[论文理解] HACK: Learning a Parametric Head and Neck Model for High-fidelity Animation

发布时间 2023-08-23 22:33:49作者: aoru45

HACK: Learning a Parametric Head and Neck Model for High-fidelity Animation

上科大发布的头和脖子精细建模的参数化模型HACK。

纹理转化

由于HACK没有开源纹理基,我将FLAME开源的纹理基迁移到了HACK上,代码在这里开源:

https://github.com/aoru45/FLAME_TO_HACK/tree/main

论文方法

FLAME也对脖子进行了建模,不过只是用一个joint点来描述相对于脖子的运动,HACK则是在脖子处用了7个joints来描述脖子,以扩充模型对脖子的表达能力。之所以去建模脖子,也是因为在对人脸的数字化应用场景中,人头部的动作表达尚有不足,一些情绪如紧张时吞咽口水等细节没法用现有模型表达,因此对喉咙部分的shape建模,pose中以解剖学为先验增加更多joints,加上头部建模, 弥补其不足。

HACK的参数化模型表示为:

\[\mathrm{G}(\boldsymbol{\beta}, \boldsymbol{\psi}, \boldsymbol{\theta}, \eta, \tau)=\operatorname{LBS}(T(\boldsymbol{\beta}, \boldsymbol{\psi}, \boldsymbol{\theta}, \eta, \tau), J(\boldsymbol{\beta}), \boldsymbol{\theta}, \boldsymbol{W}) \]

其中Blend shape:

\[\begin{aligned}T(\boldsymbol{\beta}, \boldsymbol{\psi}, \boldsymbol{\theta}, \eta, \tau)= & \overline{\mathrm{T}}+\mathrm{B}_{\mathrm{S}}(\boldsymbol{\beta} ; \mathcal{S})+\mathrm{B}_{\mathrm{E}}\left(\boldsymbol{\psi} ; \mathcal{E}_{\boldsymbol{\beta}}\right)+\mathrm{B}_{\mathrm{P}}\left(\boldsymbol{\theta} ; \boldsymbol{P}_{\boldsymbol{\beta}}\right) \\& +L(\boldsymbol{\beta}, \eta, \tau ; \mathcal{L})\end{aligned} \]

其余的\(J,\theta,W\),遵循和FLAME一样的建模方式。

对于shape基,与FLAME一样直接用PCA得到,喉咙部分不在neutral的mesh里。

对于expression基,使用FACS先验,由FACS的weights绑定到对应基的区域,同时为了使expression的基更加person-specific,使用一个网络去预测给定person的表情基。这样做的好处是使得表情基在对于特定的人有着更强的细节上的表达能力。直接预测表情基(有表情的数据减去中性数据)是很困难的,因为点特别多,基的维数就是点的数目,于是文章希望预测更低维的对表情基进一步PCA之后的基的系数,这组系数和表情基相乘就是最终的表情基。我大致把该过程画了一下,以最终生成id1的blend shape为例,Beta和id basis相乘得到S,网络由Beta预测表情基的系数,和表情基线形组合成新的基,新的基以FACS weights作为参数,得到E。

同理,person-specific的pose基也会有更强的细节表达。用同样的方式去预测pose基的系数,也就是向量化后的旋转矩阵。与FLAME一样,要先去训练得到基。pose基确定之后再去训练预测基系数的网络。

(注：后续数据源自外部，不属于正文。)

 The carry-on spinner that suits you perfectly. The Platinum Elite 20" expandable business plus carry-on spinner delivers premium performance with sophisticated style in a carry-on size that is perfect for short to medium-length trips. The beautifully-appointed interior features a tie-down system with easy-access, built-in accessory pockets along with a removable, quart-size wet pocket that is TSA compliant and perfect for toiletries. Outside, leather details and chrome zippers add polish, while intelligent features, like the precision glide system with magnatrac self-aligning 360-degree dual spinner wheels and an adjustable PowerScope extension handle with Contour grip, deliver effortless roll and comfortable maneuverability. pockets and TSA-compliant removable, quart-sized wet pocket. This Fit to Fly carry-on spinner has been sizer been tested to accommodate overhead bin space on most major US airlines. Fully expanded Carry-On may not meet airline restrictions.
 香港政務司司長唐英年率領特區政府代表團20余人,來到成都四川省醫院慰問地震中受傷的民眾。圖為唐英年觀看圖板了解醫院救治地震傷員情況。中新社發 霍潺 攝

对于喉咙的blend,需要考虑其shape和位置,\(\eta\)控制的是size,位置决定喉咙上下移动用一个标量tau表示。文章是将喉咙部分建模在uv空间,将所有点投到uv上,再对其做PCA,得到一组静息状态的基。通过在uv空间中y轴上坐标移动,实现喉咙位置的移动。

\[L(\boldsymbol{\beta}, \eta, \tau ; \mathcal{L})=\{\mathrm{v}(u, v)\}, \mathrm{v}(u, v)=\eta \cdot \sum_{i=1}^{|\boldsymbol{\beta}|} \mathrm{L}_i(u, v+\tau) \]

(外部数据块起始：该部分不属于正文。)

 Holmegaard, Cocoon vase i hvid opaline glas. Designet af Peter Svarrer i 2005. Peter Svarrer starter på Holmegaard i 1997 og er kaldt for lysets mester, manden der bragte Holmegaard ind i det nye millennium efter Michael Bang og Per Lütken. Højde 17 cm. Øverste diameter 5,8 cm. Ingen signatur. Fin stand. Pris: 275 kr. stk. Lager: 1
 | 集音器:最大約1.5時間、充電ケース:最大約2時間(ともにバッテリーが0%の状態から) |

喉咙部分的建模,应用解刨学先验,用超声波扫描得到脊柱的三维点云,请专家标注joint点的位置,和虚拟的脊柱进行配准,配准时认为脊柱的运动是刚体运动,估计刚体运动的参数,最后和rest pose配准,配准时在表面标注点配准。

参数学习是通过最小化在序列数据上的损失学习的:

\[E_{\mathrm{rec}}=\sum_{i=1}^{\left|\mathcal{D}_{\mathrm{H}}\right|} \sum_{j=1}^{\left|\mathcal{T}_{\mathrm{H}}^p(i)\right|}\left\|\mathrm{G}(\boldsymbol{\beta}(i), \boldsymbol{\psi}(i, j), \boldsymbol{\theta}(i, j), \eta(i), \tau(i, j))-\mathcal{T}_{\mathrm{H}}^p(i, j)\right\|_2^2 \]

之后就能得到一组组deformation的系数序列。

目前并未开源纹理基,已有的开源代码我做了些注释:

import numpy as np
import cv2
import torch
import torch.nn as nn
import torch.nn.functional as F
import json
import roma
import helper

bones = json.load(open("model/bones_neutral.json"))
bone_names = list(bones.keys())

obj_template = helper.read_obj(r"model/000_generic_neutral_mesh_newuv.obj")

for name in bones:

    bone = bones[name]
    parent = bone["parent"]

    L2P_rotation = np.array(bone["matrix"])
    head_in_p = (np.array(bone["head"]) + ([0, bones[parent]["length"], 0] if parent is not None else 0))
    L2P_transformation = np.identity(4)
    L2P_transformation[:3, :3] = L2P_rotation
    L2P_transformation[:3, 3] = head_in_p

    bone["L2P_transformation"] = torch.tensor(L2P_transformation, dtype=torch.float32)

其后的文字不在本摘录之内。